__ACTION ITEM__: Every line in the listing below from the one with "- Stylowa tapicerka" through the one with "comes to the" is to be reproduced exactly, both ends included; leave out the rest.

__THE INPUT__:
....................
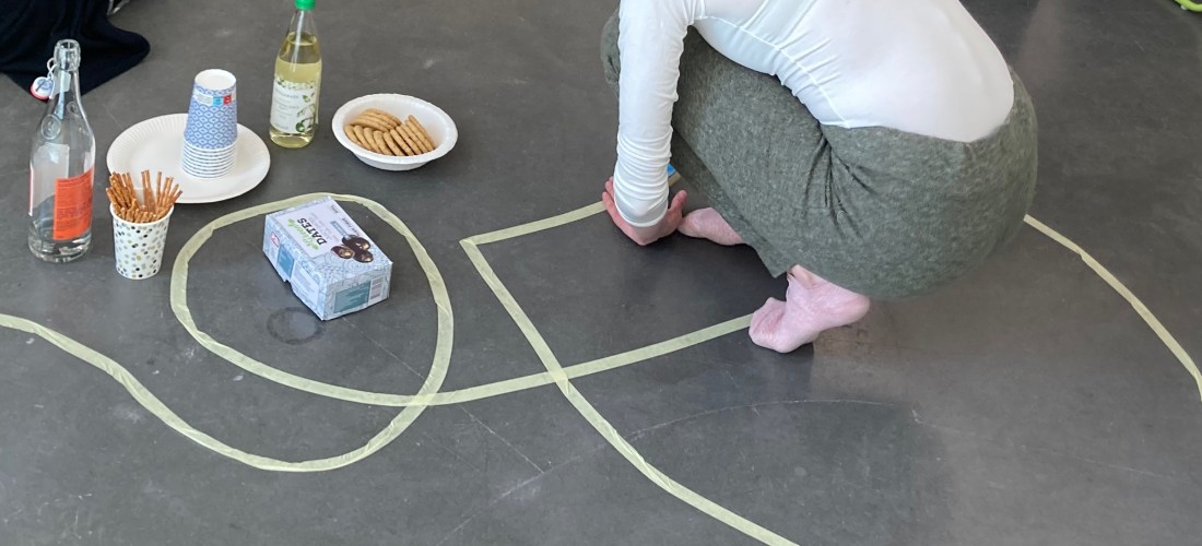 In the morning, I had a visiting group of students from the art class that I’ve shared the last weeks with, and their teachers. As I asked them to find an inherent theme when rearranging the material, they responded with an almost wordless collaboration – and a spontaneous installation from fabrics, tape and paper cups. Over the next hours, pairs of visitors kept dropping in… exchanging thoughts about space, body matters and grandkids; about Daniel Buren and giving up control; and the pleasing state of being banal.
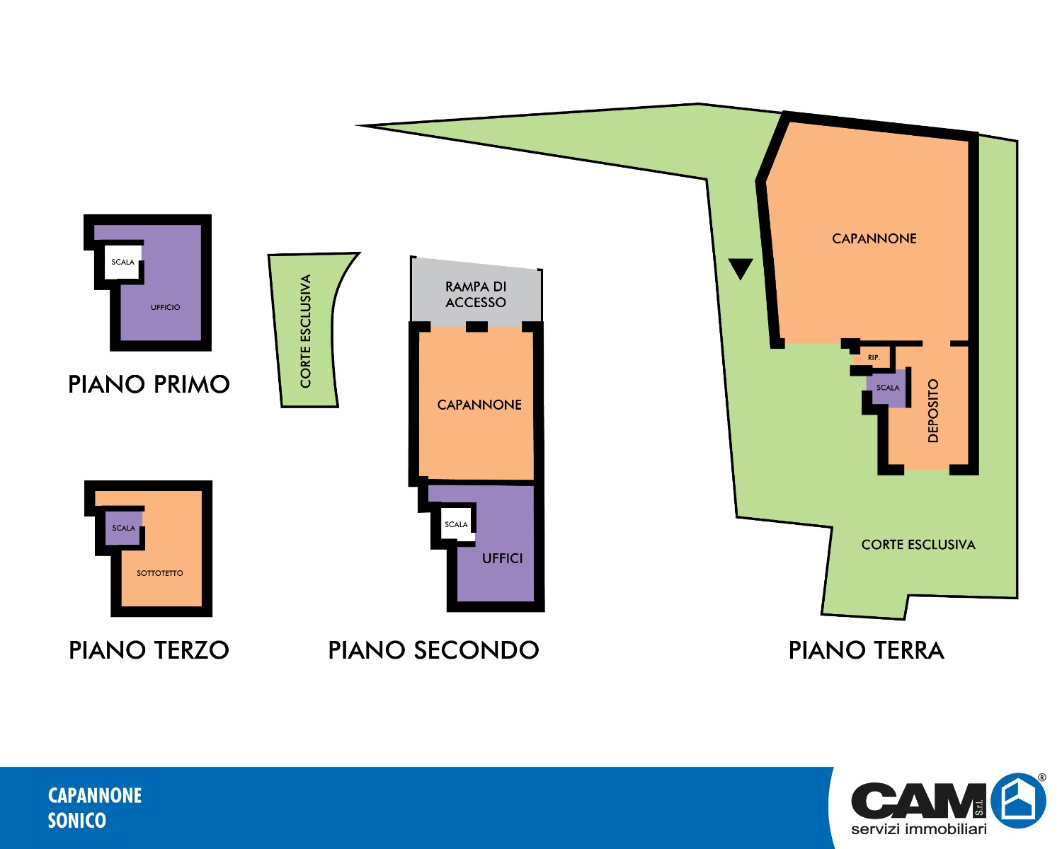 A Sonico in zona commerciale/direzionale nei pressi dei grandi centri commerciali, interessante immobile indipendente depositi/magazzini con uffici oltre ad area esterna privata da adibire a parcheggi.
....................
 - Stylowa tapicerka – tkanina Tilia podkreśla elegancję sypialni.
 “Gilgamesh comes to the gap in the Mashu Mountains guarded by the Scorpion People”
....................
__TASK RESPONSE__:
 - Stylowa tapicerka – tkanina Tilia podkreśla elegancję sypialni.
 “Gilgamesh comes to the gap in the Mashu Mountains guarded by the Scorpion People”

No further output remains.